RAG 的基本流程是:通过稀疏或稠密检索从知识库获取信息,将最相关的结果与用户输入一同传入 LLM,生成最终回答。然而,输出中仍可能因多种原因出现幻觉:

  • LLMs 获取了正确的信息,但未能生成正确回答,常见于需要在已有信息基础上进行复杂推理的场景。
  • 检索结果存在错误,或未覆盖关键信息,此时 LLM 可能会强行作答并产生幻觉。

本文将聚焦于检测 RAG 系统生成的响应,而非改进检索环节。我们将探讨几种幻觉检测技术,以帮助构建更可靠的 RAG 系统。

幻觉评估指标

我们首先尝试使用 DeepEval 库中的幻觉评估指标。幻觉指标是一种简单的方法,用于通过比较判断模型生成的信息是否真实、正确。其计算方式为:

上下文矛盾数量 ÷ 上下文总数

下面通过代码示例来演示。

安装 DeepEval

pip install deepeval

评估依赖于用于判定结果的 LLM,这意味着我们需要一个模型作为评估器。本示例中使用 DeepEval 默认的 OpenAI 模型。若要更换其他 LLM,可参考相关文档。同时需要提供 OpenAI API Key:

import os
os.environ["OPENAI_API_KEY"] = "YOUR-API-KEY"

设置上下文与实际输出

安装好库后,我们来检测 LLM 输出中是否存在幻觉。

首先设置上下文(即输入中应当存在的事实),并准备模型的实际输出,作为检测对象:

from deepeval import evaluate
from deepeval.metrics import HallucinationMetric
from deepeval.test_case import LLMTestCase
 
context = [
    "The Great Wall of China is a series of fortifications made of stone, brick, tamped earth, wood, and other materials, "
    "generally built along an east-to-west line across the historical northern borders of China to protect the Chinese states "
    "and empires against the raids and invasions of the nomadic groups of the Eurasian Steppe."
]
 
actual_output = (
    "The Great Wall of China is made entirely of gold and was built in a single year by the Ming Dynasty to store treasures."
)

设置测试用例与幻觉指标

阈值(threshold)表示可容忍的幻觉程度。

如果要求严格不允许幻觉,可将阈值设为 0:

test_case = LLMTestCase(
    input="What is the Great Wall of China made of and why was it built?",
    actual_output=actual_output,
    context=context
)
 
halu_metric = HallucinationMetric(threshold=0.5)

运行测试并查看结果

halu_metric.measure(test_case)
print("Hallucination Metric:")
print("  Score: ", halu_metric.score)
print("  Reason: ", halu_metric.reason)

输出示例

Hallucination Metric:
  Score:  1.0
  Reason:  The score is 1.00 because the actual output contains significant contradictions with the context, such as incorrect claims about the materials and purpose of the Great Wall of China, indicating a high level of hallucination.

结果显示幻觉评分为1.0,表示输出内容完全为幻觉。

此外,DeepEval 还会提供原因说明,帮助定位幻觉点。

G-Eval

G-Eval 是一种利用大语言模型(LLM)结合思维链(CoT)方法来自动评估 LLM 输出的框架。核心思想是:基于预先设定的多步骤标准,对模型输出进行逐步判断。通过 DeepEval 提供的 G-Eval 框架以及自定义评估标准,可以测试 RAG 的输出能力,并识别其中是否存在幻觉。

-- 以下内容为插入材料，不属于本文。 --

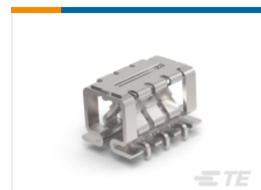
TE Teilnr.:1418578-2 BOTTOM-ENTRY SMC-PCB CONTACT
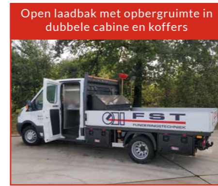
Open laadbak met opbergruimte in dubbele cabine en koffers
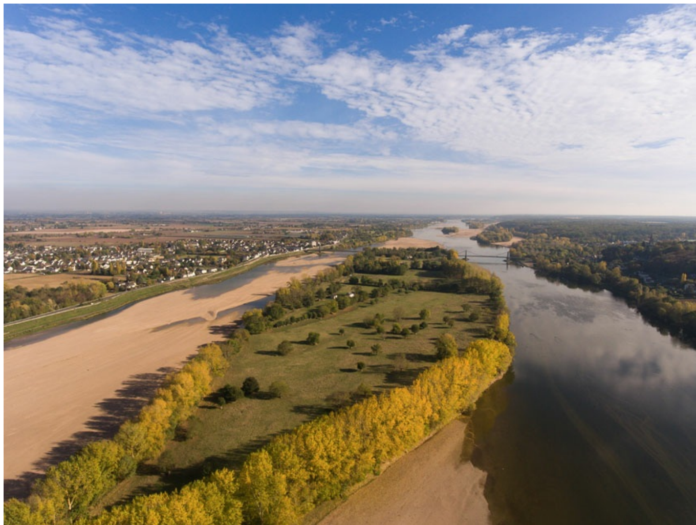
vue sur l'île de Gennes. Faible niveau d'eau en période estivale

Dans ce contexte, les travaux de restauration des boires de Loire, les aménagements destinés à réguler le débit des différentes rivières et l'attention portée à l'équilibre des écosystèmes seront cruciaux pour assurer une gestion durable de la ressource en eau.
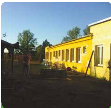
Sociální byty na ulici Štefánikova, bývalý areál MB Realu
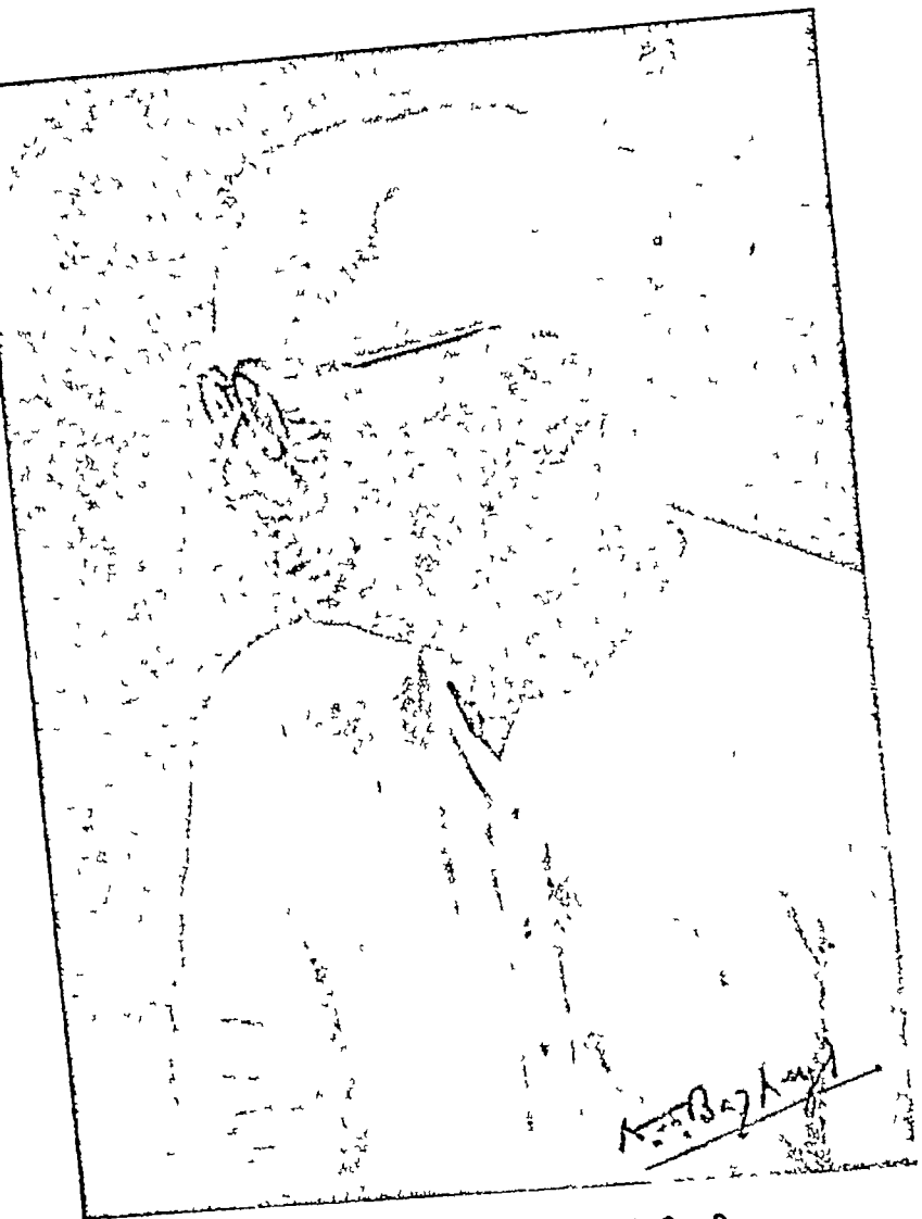
गुरुवर आचार्य नन्ददुलारे बाजपेयी जी
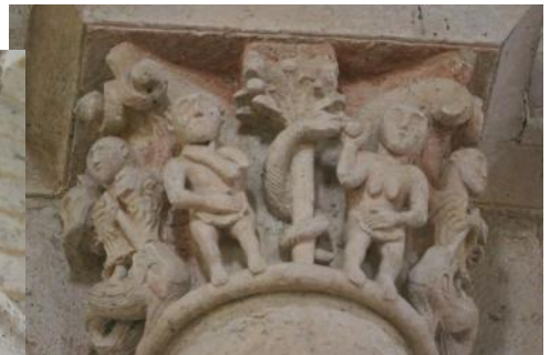
Adam et Eve et le serpent tentateur
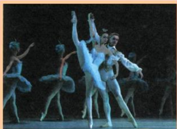
Сцена из балета «Спящая красавица»
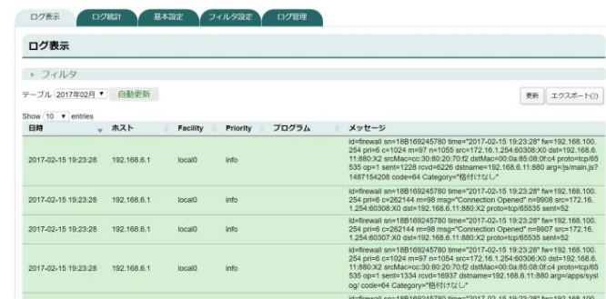
アクセスログ画面
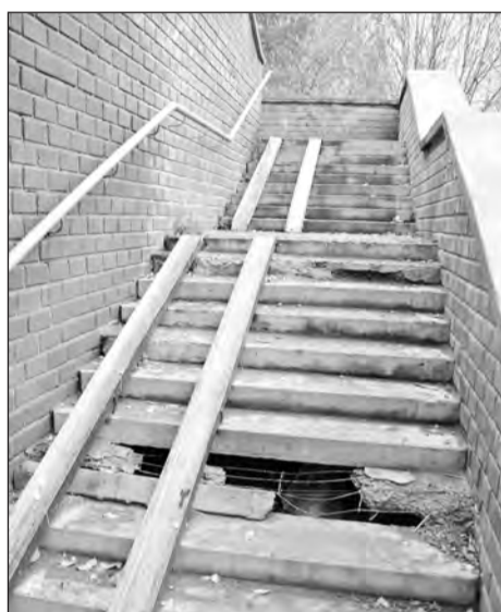
Лестница с улицы Северной к Сбербанку
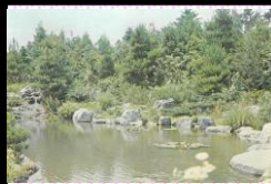
日本の森 (植物生態園)
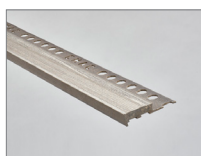
Gris vintage - 159
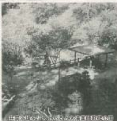
供養塔のそばに立つると大湯川は泉の川
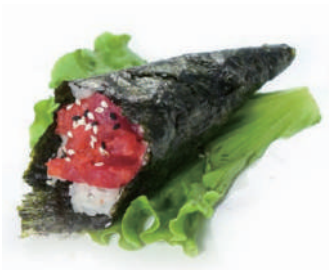
74.TEMAKI SPICY TUNA Tartare tonno,spicymaio
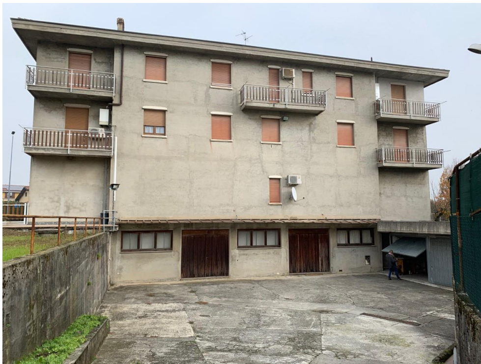
Facciata sul retro
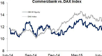
Commerzbank vs. DAX Index
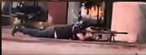
Un miembro del Cártel de Sinaloa el pasado 17 de octubre en Culiacán, Sinaloa.
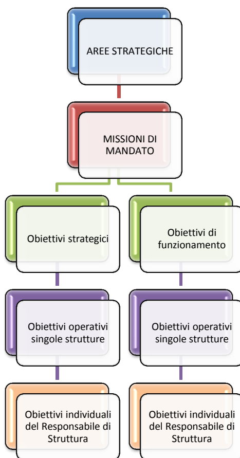
Figura 3 -albero della performance

Uno dei principi fondamentali è costituito dal collegamento a cascata degli obiettivi dell'intero ente con quelli attribuiti alle singole strutture e a quelli individuali assegnati al personale.
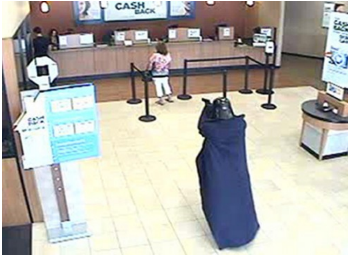
New York, luglio 2010
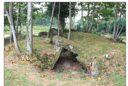
• Dolmen en allée couverte de Lann er Vein.
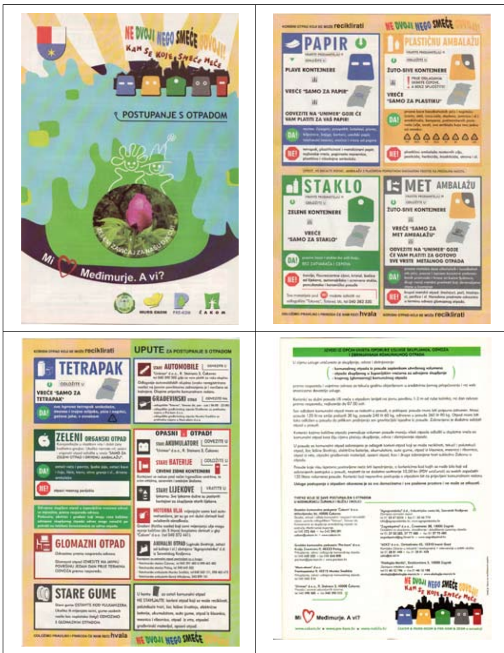
Slika 16 - Županijski edukativni letak

Informiranjem naših korisnika putem medija, letaka i web stranica PRE-KOM-a, nastojimo korisnike dodatno potaknuti na uključivanje u organizirano sakupljanje otpada, a time i odvojeno sakupljanje korisnog otpada.
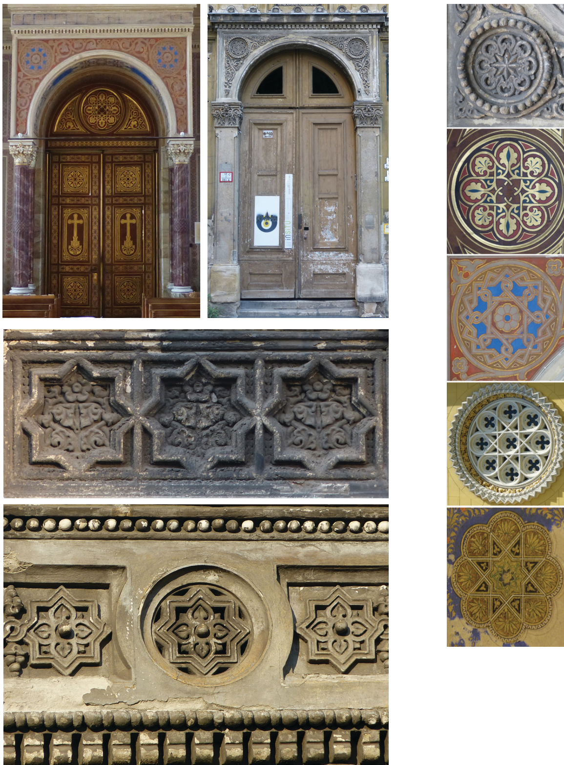
10. kép. A fóti templom kapuzat belső oldala és az Unger-ház Magyar utca felőli kapuja
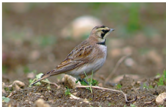
Abb. 12: Ohrenlerche, Micheldorf/OÖ, April 2008 Fig. 12: Shore Lark, Micheldorf (Upper Austria), April 2008
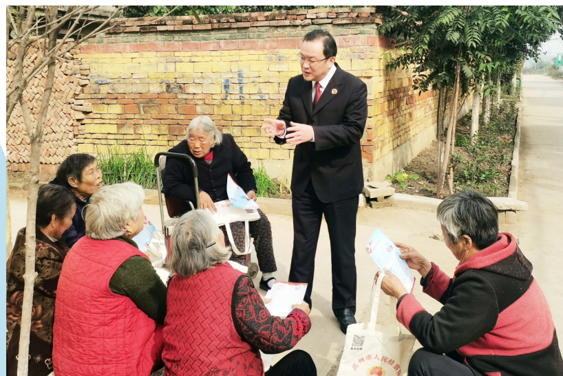
禹州市人民检察院开展送法进乡村活动

搭建平台,学思践悟。该院在网上开辟专栏,及时发布党史知识“周周练”“天天学”等内容,把每周五作为支部学习交流研讨日,每月开展主题党日。读书分享、观看红色电影、诗歌朗诵暨合唱比赛、国旗下的演讲、书法摄影展……一系列活动,令该院检察干警在潜移默化中锤炼坚强党性,使红色基因得到传承,提高了政治判断力、政治领悟力、政治执行力。
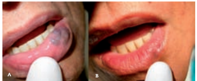
Figura 6. A. Malformaciones venosas de bajo flujo en el labio, pre-tratamiento. B. Control después de 7 días de realizar la escleroterapia endoluminal con láser de diodo. Se evidencia encogimiento de la lesión y cicatrización del punto central donde se realizó la punción.

parte corresponde a MVBF menores de 3 cm de diámetro bidimensional (88,1%). La localización más frecuente fue el labio, seguido de la lengua. El 76,19% de las lesiones se trató con una sola sesión. Un 23,81% precisó de dos o más sesiones para la resolución completa. El intervalo de tratamiento entre sesiones fue de 6 meses. En general encontramos a los 2-3 días del postoperatorio una zona deprimida en el punto
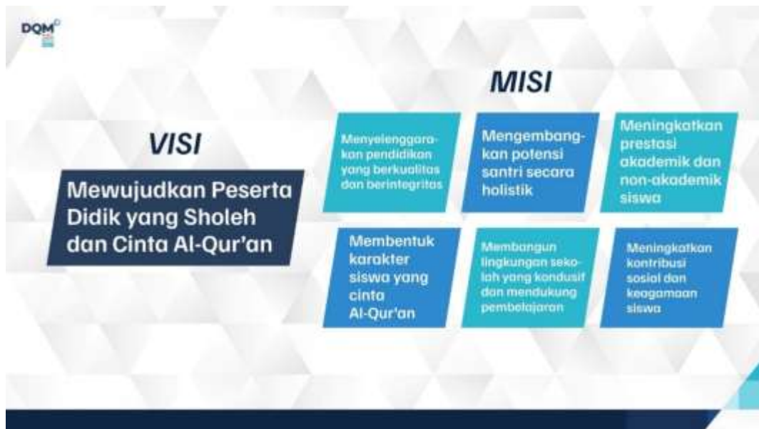
Gambar 2 Visi Misi Pesantren

Dalam mewujudkan visi dan misi pendidikan, sebuah lembaga pasti memerlukan struktur organisasi yang jelas, terarah, dan saling mendukung. Struktur organisasi berperan sebagai pedoman dalam mengatur pembagian tugas, wewenang, serta tanggung jawab setiap pihak yang terlibat. Dengan adanya struktur organisasi yang baik, proses pembelajaran dan pembinaan santri dapat berlangsung lebih efektif, terkoordinasi, serta sesuai dengan tujuan lembaga.
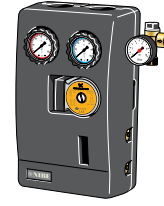
NIBE Aurinkopumppuasema SPS10 *Tuotenumero 057027 (1 kpl)
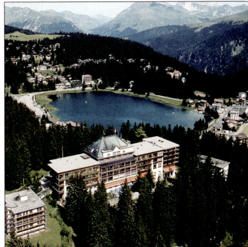
Hier findet das SOG FU FORUM statt: Das renommierte Waldhotel National in Arosa.

Wenn Sie sich vom Programm, von den Referenten und vom ganzen Ambiente angesprochen fühlen, bieten wir Ihnen als
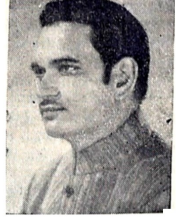
खा. शिवराज पाटील

‘देशापुढील आसामच्या प्रश्नासारख्या समस्या सोडवताना सर्वच राजकीय पक्षांनी हे लक्षात घेतलं पाहिजे की, अशा नाजूक प्रश्नांची उकल करताना लोकांची मनं हळू-हळू तयार करावी लागतील व मगच ते प्रश्न सोडवता येतील. तेव्हा अशा वेळी सर्व
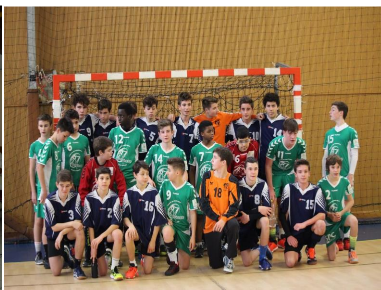
Inter Comités Le 13 janvier 2018 A St Pierre de Chignac (24)
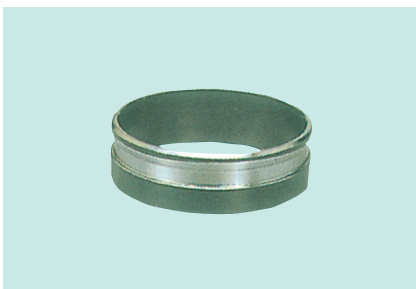
G型カラーリング (グループ型)

サイズ：40A・50A・75A・ 100A・150A・200A (10kg/cm 2 ～30kg/cm 2 )

在 G-Eval 中,需要根据评估目标和步骤自行设定指标。以下是框架的配置示例:

from deepeval.metrics import GEval
from deepeval.test_case import LLMTestCaseParams
 
correctness_metric = GEval(
    name="Correctness",
    criteria="Determine whether the actual output is factually accurate, logically consistent, and sufficiently detailed based on the expected output.",
    evaluation_steps=[
        "Check if the 'actual output' aligns with the facts in 'expected output' without any contradictions.",
        "Identify whether the 'actual output' introduces new, unsupported facts or logical inconsistencies.",
        "Evaluate whether the 'actual output' omits critical details needed to fully answer the question.",
        "Ensure that the response avoids vague or ambiguous language unless explicitly required by the question."
    ],
    evaluation_params=[LLMTestCaseParams.INPUT, LLMTestCaseParams.ACTUAL_OUTPUT, LLMTestCaseParams.EXPECTED_OUTPUT],
)

接着,构建测试用例来模拟 RAG 流程。需要设置用户输入、模型生成的输出、期望的正确输出,以及检索到的上下文:

from deepeval.test_case import LLMTestCase
 
test_case = LLMTestCase(
    input="When did the Apollo 11 mission land on the moon?",
    actual_output="Apollo 11 landed on the moon on July 21, 1969, marking humanity's first successful moon landing.",
    expected_output="Apollo 11 landed on the moon on July 20, 1969, marking humanity's first successful moon landing.",
    retrieval_context=[
        """The Apollo 11 mission achieved the first successful moon landing on July 20, 1969.
        Astronauts Neil Armstrong and Buzz Aldrin spent 21 hours on the lunar surface, while Michael Collins orbited above in the command module."""
    ]
)

运行 G-Eval 测试:

correctness_metric.measure(test_case)
 
print("Score:", correctness_metric.score)
print("Reason:", correctness_metric.reason)

输出示例:

Score: 0.7242769207695651
Reason: The actual output provides the correct description but has an incorrect date, contradicting the expected output

由此可见,G-Eval 能够检测出 RAG 生成回答中的幻觉(日期错误),并提供合理解释。其官方文档还包含关于分数计算方式的详细说明。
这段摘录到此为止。